[LLVMdev] parallel loop metadata simplification

Pekka Jääskeläinen pekka.jaaskelainen at tut.fi
Sun Mar 3 09:49:03 PST 2013

On 03/03/2013 06:43 PM, Tobias Grosser wrote:
> Very good example, indeed. Is there a formal definition of what
> #pragma ivdeps means? I see two options here:

In the previous discussion we could not find a proper
definition for #pragma ivdep so we concluded we can treat it
as a statement of "treat the loop as parallel, I do not expect
any dependency checking by the compiler", thus what the
llvm.loop.parallel is now defined to denote.

> 1) No memory based dependences at all
> We assume all t[*] allocations point to the same memory
> location. By defining #pragma ivdep the user states that there
> are no memory dependences caused by the t[*] array. In this case
> the example above would be an invalid use of '#pragma ivdep'.
> The right thing here would be to annotate all loads/stores with the llvm.mem.*
> intrinsics.

Yes, it's a matter of definition, but I do not think it's an intuitive
interpretation to assume t is shared across iterations. Otherwise,
the programmer would not have marked the loop as parallel or would
have reused the same array across the whole loop.

> 2) Memory based dependences for private arrays allowed
> We assume there will be different instances of t[*], hence there can
> not be memory dependences along the t dimension. This is a valid use
> of '#pragma ivdep' and the compiler can only vectorize the loop if it
> really creates different instances of t.
> In this case, we can only annotate loads/stores to t[*] if we ensure each
> iteration of i will access a different array t[*]. If there is just a single
> memory locations for t[*] which is shared by all loop iterations, we must not
> annotate loads/stores to t[*].

I think this leads to the need to replicate the private data for
each iteration, thus similar handling that is done in pocl's work-group

>> In your example where you moved t outside the loop
>> it's a programmer's mistake (icc might vectorize it but the
>> results are undefined due to the dependency).
> Are you sure about this? How do you come to the conclusion? Is there some icc
> documentation? I am very unsure about the semantics of #pragma ivdeps. Your
> interpretation makes sense, but I could also imagine that a compiler is expected
> to always resolve / understand dependences on scalar variables. Do we have any
> example where a compiler miscompiles code due to scalar dependences that it
> ignored after #pragma ivdep was added?

What was unclear in the previous discussion about #pragma ivdep is the
expected set of dependency analysis done by the compiler (ivdep=
ignore *assumed* vector dependencies).

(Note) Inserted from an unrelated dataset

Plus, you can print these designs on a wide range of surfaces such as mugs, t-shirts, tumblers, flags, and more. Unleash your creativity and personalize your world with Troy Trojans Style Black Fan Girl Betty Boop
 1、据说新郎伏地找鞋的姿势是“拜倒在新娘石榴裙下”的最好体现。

So either the icc can be assumed
to perform privatization of variables (here t), or the result is undefined
(it leaves the scalar dependency and vectorizes regardless). You are
probably right it performs (and the programmer can assume) the former.

>  >  but here I don't
>> think it is. The t array is supposed to be a loop-private variable,
>> and each parallel iteration refer to their own isolated instance.
> Again, I can follow this intuition. However, it would be good to formally
> document the behavior (and to understand and choose a behavior according to how
> other compilers interpret #pragma ivdep). Also, if we follow your interpretation
> and if clang currently does not make the t array loop private, it would be
> incorrect to attach meta-data to loads and stores that reference the t array.
> This last point makes me actually
> think your interpretation may be difficult to implement. Is it in all cases
> possible to figure out if a memory access accesses a loop private array?

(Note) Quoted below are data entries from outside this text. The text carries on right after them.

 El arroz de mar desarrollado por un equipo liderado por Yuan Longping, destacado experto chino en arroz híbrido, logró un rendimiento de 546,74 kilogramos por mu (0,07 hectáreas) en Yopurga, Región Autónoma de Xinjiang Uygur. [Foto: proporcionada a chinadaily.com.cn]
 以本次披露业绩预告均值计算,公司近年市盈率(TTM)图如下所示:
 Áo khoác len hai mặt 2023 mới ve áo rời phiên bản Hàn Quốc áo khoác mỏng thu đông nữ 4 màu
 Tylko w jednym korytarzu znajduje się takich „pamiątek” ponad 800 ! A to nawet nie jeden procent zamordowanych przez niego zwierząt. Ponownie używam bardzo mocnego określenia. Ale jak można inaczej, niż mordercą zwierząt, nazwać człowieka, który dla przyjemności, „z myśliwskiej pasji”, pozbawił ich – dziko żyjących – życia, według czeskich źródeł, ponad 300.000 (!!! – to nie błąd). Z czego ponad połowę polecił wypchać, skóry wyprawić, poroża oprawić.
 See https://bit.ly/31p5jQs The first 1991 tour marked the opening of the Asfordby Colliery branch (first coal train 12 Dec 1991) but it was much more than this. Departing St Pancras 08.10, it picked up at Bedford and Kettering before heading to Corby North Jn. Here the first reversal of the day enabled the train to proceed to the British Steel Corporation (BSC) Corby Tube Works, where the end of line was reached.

Essentially it would require treating private variables (arrays or not)
in parallel loops differently, by "privatizing them" (create the arrays)
already during Clang code gen. I'm not familiar with Clang enough to know how
much work this would involve. For now, it probably makes sense to simply not
annotate alloca accesses at all and rely on later optimizations to privatize
the added dependencies in one way or another.